BALM IN GILEAD: a freewrite REWRITE

in Freewriters4 years ago

drymouth2.jpg
Image: Homemade Collagen

Vermouth is a notoriously dry mouth. Pour a thimbleful of vermouth into a bottle of gin and eat sand in the wilderness of Sin. Drop an olive in that desert and get petrified wood, which is a tree so terrified it bursts into flames and starts barking commands like, “Remember you said you wouldn’t drink today” and “You prolly wanna call a cab.”

The mouth of the Colorado River is sometimes dry as vermouth. Then it attracts sand cats, which you’d think were fish, but you’d be drunk. Charlie Poole thought that if the river was whiskey then Jesus walked in Spirit, while Judas preferred the banks. T. Coraghessan Boyle fished stories from that river, but to boil tea from hard liquor is the gainsaying of Core.

To lick leaves from Breece D'J Pancake is catty with a sunburnt tongue, and pancakes too are notoriously dry. Nobody could choke down a single crumb but for the trembling trees of Vermont. Sizzurp inebriates differently from vermouth and is more viscous, which is to say angry, when sapped hands pound sugar spikes through maple flesh crucifying brunch.

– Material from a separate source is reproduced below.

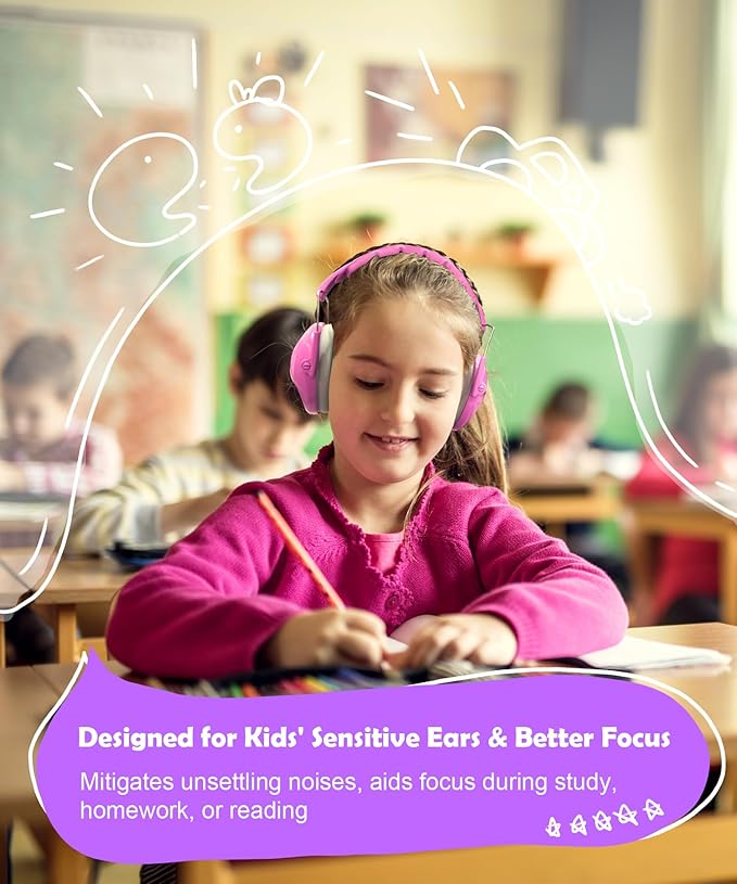 - DESIGNED FOR SENSITIVE EARS & ENHANCED FOCUS: With an impressive 25dB NRR, our kids' noise-canceling earmuffs effectively reduce noise levels. They are particularly suitable for children with autism or sensitive hearing, creating a peaceful environment that aids concentration during activities like school, homework, or reading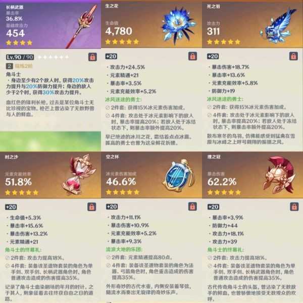 冰伤流玩法武器薙草之稻光、和璞鸢、天空之脊、决斗之枪、西风长枪、渔获、白缨枪等武器,圣遗物推荐宗室/绝缘/战狂4件套,or冰套/宗室/绝缘/角斗士/追忆/余响/辰砂2+2,攻击/充能沙,冰伤杯、暴击率头,充能160%以上,暴击率73%~88%,暴击伤害100%以上。

The main thing is this: metaphysically chapped lips spit up what Stanton David Kirkham called “world-thought,” resulting in the intellectual wasteland strewn around us. Supernal moisturizer is better than crypto. In Gilead drips the One True Balm. And don’t let snakebirds nest in your head, for their wings fan flames of folly. If they muddle these grains in a green tea, what shall be flamed in the dry mouth?